(The data)

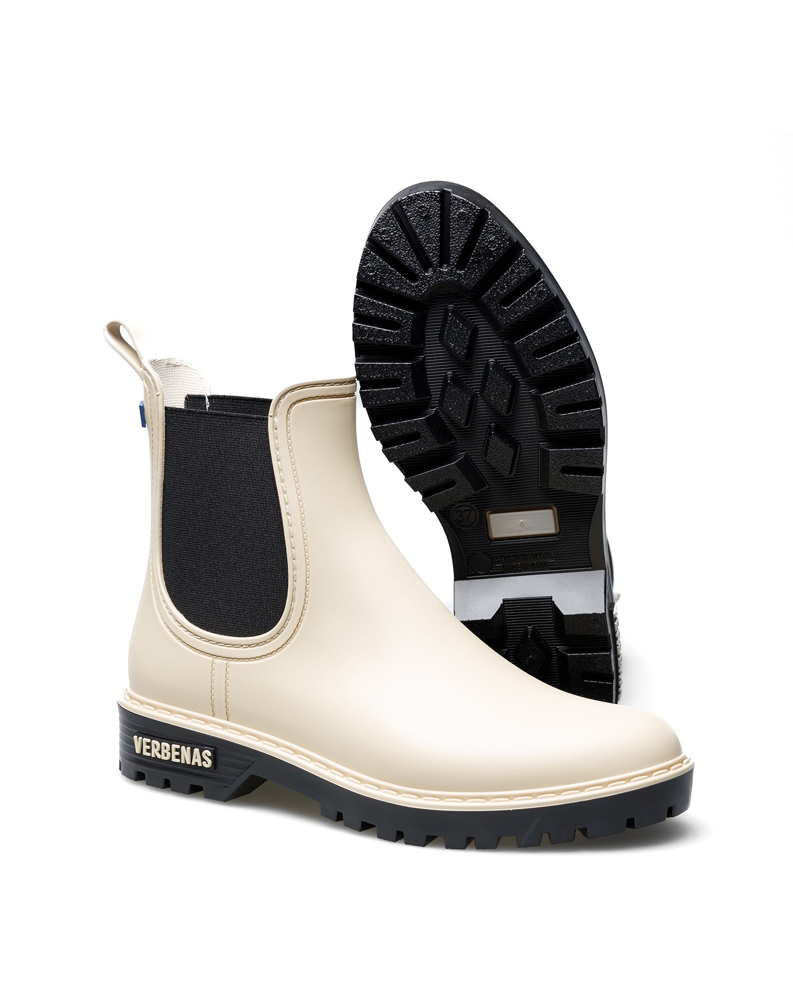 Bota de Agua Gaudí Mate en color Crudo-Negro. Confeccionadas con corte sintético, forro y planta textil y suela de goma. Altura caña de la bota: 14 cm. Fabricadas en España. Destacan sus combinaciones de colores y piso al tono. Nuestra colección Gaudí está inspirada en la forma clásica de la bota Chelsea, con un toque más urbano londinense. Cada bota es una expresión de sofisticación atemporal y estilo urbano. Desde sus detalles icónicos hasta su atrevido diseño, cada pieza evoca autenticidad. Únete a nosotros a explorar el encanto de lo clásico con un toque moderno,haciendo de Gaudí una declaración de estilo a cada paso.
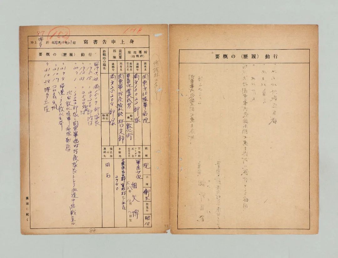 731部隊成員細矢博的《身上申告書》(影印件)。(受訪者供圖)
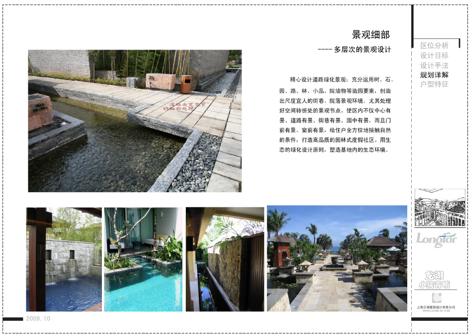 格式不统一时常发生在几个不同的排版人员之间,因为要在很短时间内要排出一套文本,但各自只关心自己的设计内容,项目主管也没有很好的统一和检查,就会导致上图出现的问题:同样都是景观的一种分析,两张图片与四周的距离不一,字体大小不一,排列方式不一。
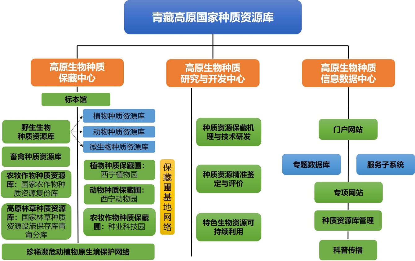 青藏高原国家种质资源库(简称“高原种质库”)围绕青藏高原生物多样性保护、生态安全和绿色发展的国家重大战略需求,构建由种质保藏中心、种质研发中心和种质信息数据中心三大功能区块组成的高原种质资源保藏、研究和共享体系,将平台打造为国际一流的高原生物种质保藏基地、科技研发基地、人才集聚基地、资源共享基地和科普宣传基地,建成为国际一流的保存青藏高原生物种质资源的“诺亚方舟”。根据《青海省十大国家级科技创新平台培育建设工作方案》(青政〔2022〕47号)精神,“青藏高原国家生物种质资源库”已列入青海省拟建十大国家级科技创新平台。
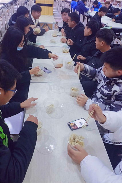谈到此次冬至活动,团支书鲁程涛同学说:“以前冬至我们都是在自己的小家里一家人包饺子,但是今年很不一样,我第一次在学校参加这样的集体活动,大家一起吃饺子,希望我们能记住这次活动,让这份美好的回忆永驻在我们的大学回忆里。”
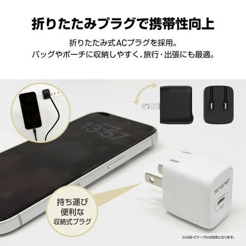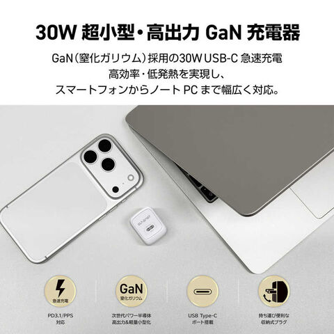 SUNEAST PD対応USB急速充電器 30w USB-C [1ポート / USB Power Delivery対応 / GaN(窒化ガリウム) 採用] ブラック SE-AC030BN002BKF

(End The data)

▶ [The task]: Print, word for word, every entry shown above; the pictures stay out.

▶ [Solution for this task]:
 Bota de Agua Gaudí Mate en color Crudo-Negro. Confeccionadas con corte sintético, forro y planta textil y suela de goma. Altura caña de la bota: 14 cm. Fabricadas en España. Destacan sus combinaciones de colores y piso al tono. Nuestra colección Gaudí está inspirada en la forma clásica de la bota Chelsea, con un toque más urbano londinense. Cada bota es una expresión de sofisticación atemporal y estilo urbano. Desde sus detalles icónicos hasta su atrevido diseño, cada pieza evoca autenticidad. Únete a nosotros a explorar el encanto de lo clásico con un toque moderno,haciendo de Gaudí una declaración de estilo a cada paso.
 731部隊成員細矢博的《身上申告書》(影印件)。(受訪者供圖)
 格式不统一时常发生在几个不同的排版人员之间,因为要在很短时间内要排出一套文本,但各自只关心自己的设计内容,项目主管也没有很好的统一和检查,就会导致上图出现的问题:同样都是景观的一种分析,两张图片与四周的距离不一,字体大小不一,排列方式不一。
 青藏高原国家种质资源库(简称“高原种质库”)围绕青藏高原生物多样性保护、生态安全和绿色发展的国家重大战略需求,构建由种质保藏中心、种质研发中心和种质信息数据中心三大功能区块组成的高原种质资源保藏、研究和共享体系,将平台打造为国际一流的高原生物种质保藏基地、科技研发基地、人才集聚基地、资源共享基地和科普宣传基地,建成为国际一流的保存青藏高原生物种质资源的“诺亚方舟”。根据《青海省十大国家级科技创新平台培育建设工作方案》(青政〔2022〕47号)精神,“青藏高原国家生物种质资源库”已列入青海省拟建十大国家级科技创新平台。
谈到此次冬至活动,团支书鲁程涛同学说:“以前冬至我们都是在自己的小家里一家人包饺子,但是今年很不一样,我第一次在学校参加这样的集体活动,大家一起吃饺子,希望我们能记住这次活动,让这份美好的回忆永驻在我们的大学回忆里。”
 SUNEAST PD対応USB急速充電器 30w USB-C [1ポート / USB Power Delivery対応 / GaN(窒化ガリウム) 採用] ブラック SE-AC030BN002BKF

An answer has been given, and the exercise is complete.